Frank Stella Comes to London with Millennial Murals and Scrap-Metal Archeology
Considering all the art to see in London during Frieze Week, Bernard Jacobson Gallery set the bar ambitiously high with a show of work by the game-changing American artist Frank Stella. On view are several series from the 1990s and 2000s (as well as one from the ’70s) that all look astoundingly fresh and contemporary in their expression.
In the selection of works on view, Stella has applied his recognizable vibrant color palette across a number of formats, ranging from smaller, classically geometric drawings and lithographs to giant, exuberant abstract paintings. A highlight of the show, the seven-panel Die Marquise von O (1999), evokes a street mural in aesthetic and scale, measuring almost 45 feet in length. While the size alone is striking, given a closer look, the painting’s intricate construction unfolds; elaborate layers of acrylic and spray paint have been applied painstakingly. A faux collage of sorts, the work draws on the avant-garde technique of montage while testing the boundaries of abstraction and figuration. Its title is a reference to a novella by the 19th century visionary Heinrich von Kleist, who is known for his melodramatic prose. Also on view is a series of nine paintings, Michael Kohlhaas (2000), named for the main character of another von Kleist story.
While providing an interesting contextual backdrop to the work, having Kliest on your bookshelf is not integral to appreciating Stella’s ecstatic paintings. It’s interesting to consider that the works were made around 15 years ago. Stella’s fragmented, graphic compositions seem prophetic at times, recalling the scrolling aesthetics of Tumblr, for example, but pre-dating the platform’s rise to popularity by nearly a decade.

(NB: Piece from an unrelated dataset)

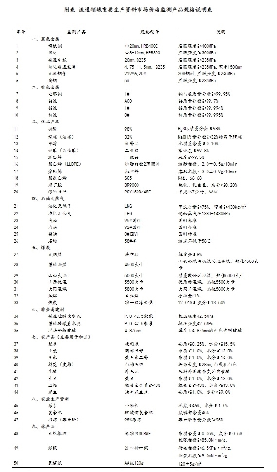 流通領(lǐng)域重要生產(chǎn)資料市場(chǎng)價(jià)格監(jiān)測(cè)內(nèi)容包括9大類(lèi)50種產(chǎn)品的價(jià)格。類(lèi)別與產(chǎn)品規(guī)格說(shuō)明詳見(jiàn)附表。
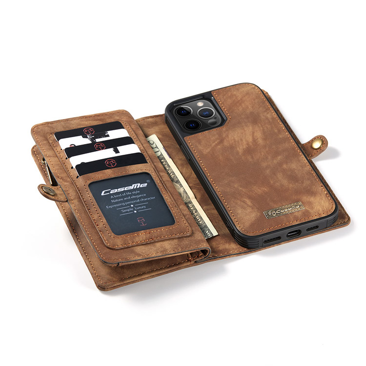 DONTAYE Casebus Classic Detachable Magnetic Wallet Phone Case, 11 Card Slots, 2 in 1, Leather Zipper, Folio Flip, Money Pocket Clutch Case

The show also features Stella’s voluminous sculptures of scrap metal, which have been mounted on rings and can be observed from multiple angles. Named after famous archeological sites in Turkey’s Anatolia, these works resemble excavation sites, with what look like unusual artifacts half-embedded into silvery slabs like remnants of past civilizations uncovered from the soil.
In addition to continuing the evolution of his brand of abstraction, Stella’s millennial works are intensely eye-catching—and his solo show at Bernard Jacobson is an example of the artist’s masterful ability to continuously challenge the medium of painting.
“Frank Stella” is on view at Bernard Jacobson Gallery, London, Sept. 17 – Nov. 21, 2015.